EXERCISE: What is needed is a word-for-word copy of every record below, minus the pictures.

DATA:

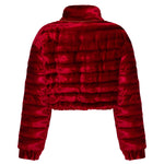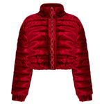 Red Velvet Puff Coat with Crystal Detail
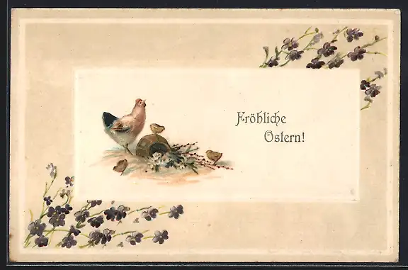 Präge-AK Henne mit Osterküken und Zweigen, Ostergruss
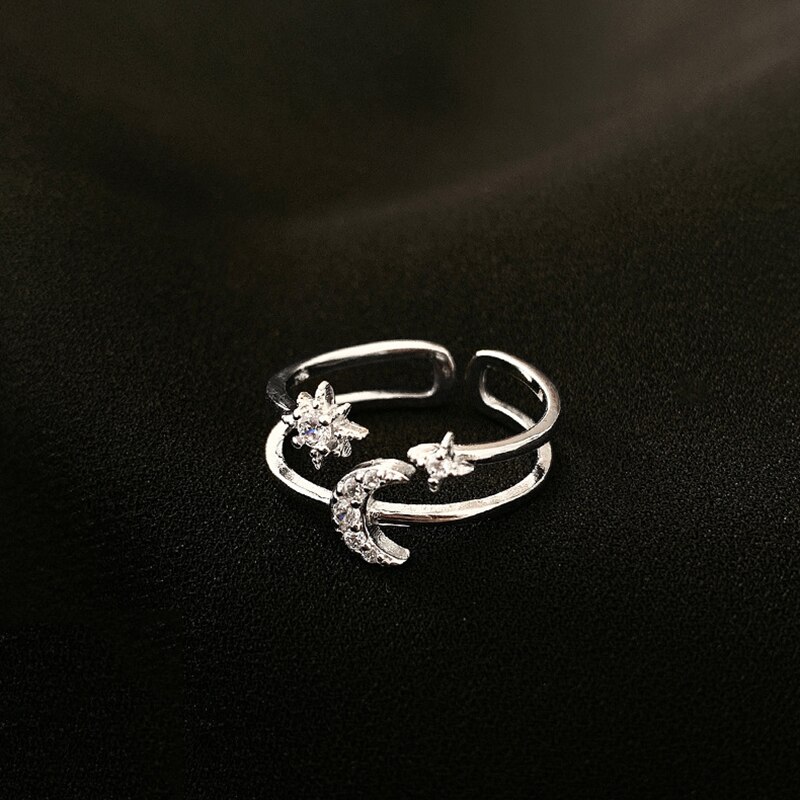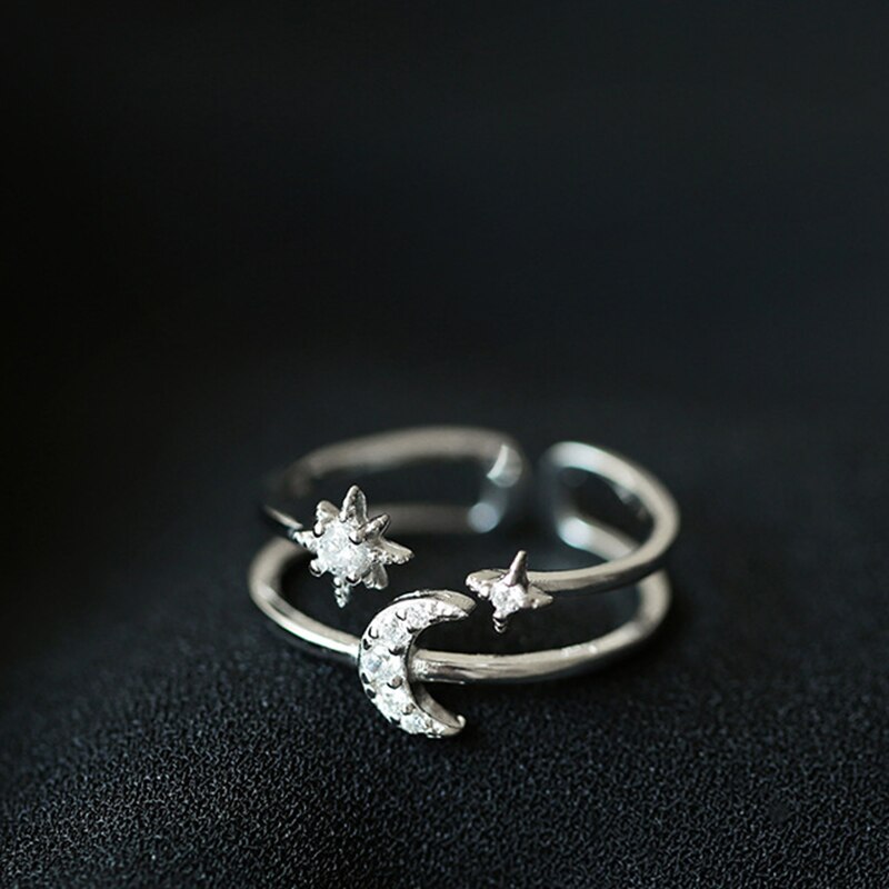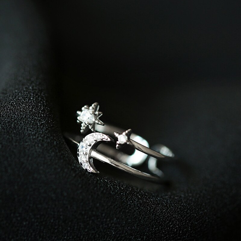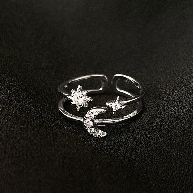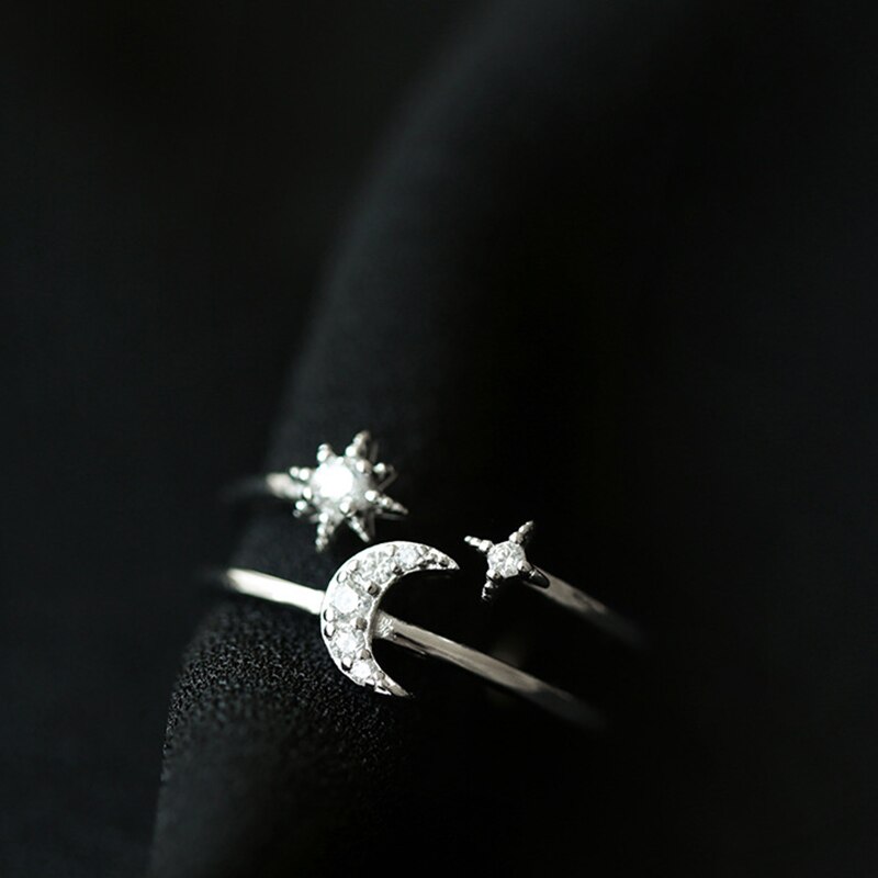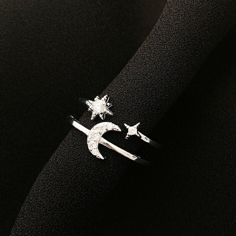 Sparkling Diamond Star Moon Ring White Gold Inlay Details
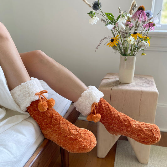 Chenille Cable Knit Classic Slipper Socks | Peach Caramel
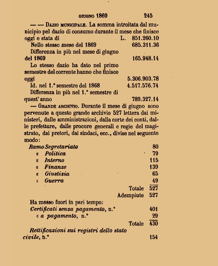 — Grande archìvio. Durante il mese di giugno sono pervenute a questo grande archivio 527 lettera dai ministeri, dalle amministrazioni, dalla corte dei conti, dalle prefetture, dalle procure generali e regie del magistrato, dai pretori, dai sindaci, ecc., divise nel seguente
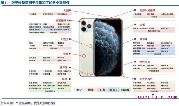 就拿手機來講,90%的零部件需要激光加工,制造中超過20種不同工藝的制造環節都用到激光技術及相關制造設備。消費電子的不斷創新或成為小功率激光設備主要增長動力。

EXERCISE ANSWER:
 Red Velvet Puff Coat with Crystal Detail
 Präge-AK Henne mit Osterküken und Zweigen, Ostergruss
 Sparkling Diamond Star Moon Ring White Gold Inlay Details
 Chenille Cable Knit Classic Slipper Socks | Peach Caramel
 — Grande archìvio. Durante il mese di giugno sono pervenute a questo grande archivio 527 lettera dai ministeri, dalle amministrazioni, dalla corte dei conti, dalle prefetture, dalle procure generali e regie del magistrato, dai pretori, dai sindaci, ecc., divise nel seguente
 就拿手機來講,90%的零部件需要激光加工,制造中超過20種不同工藝的制造環節都用到激光技術及相關制造設備。消費電子的不斷創新或成為小功率激光設備主要增長動力。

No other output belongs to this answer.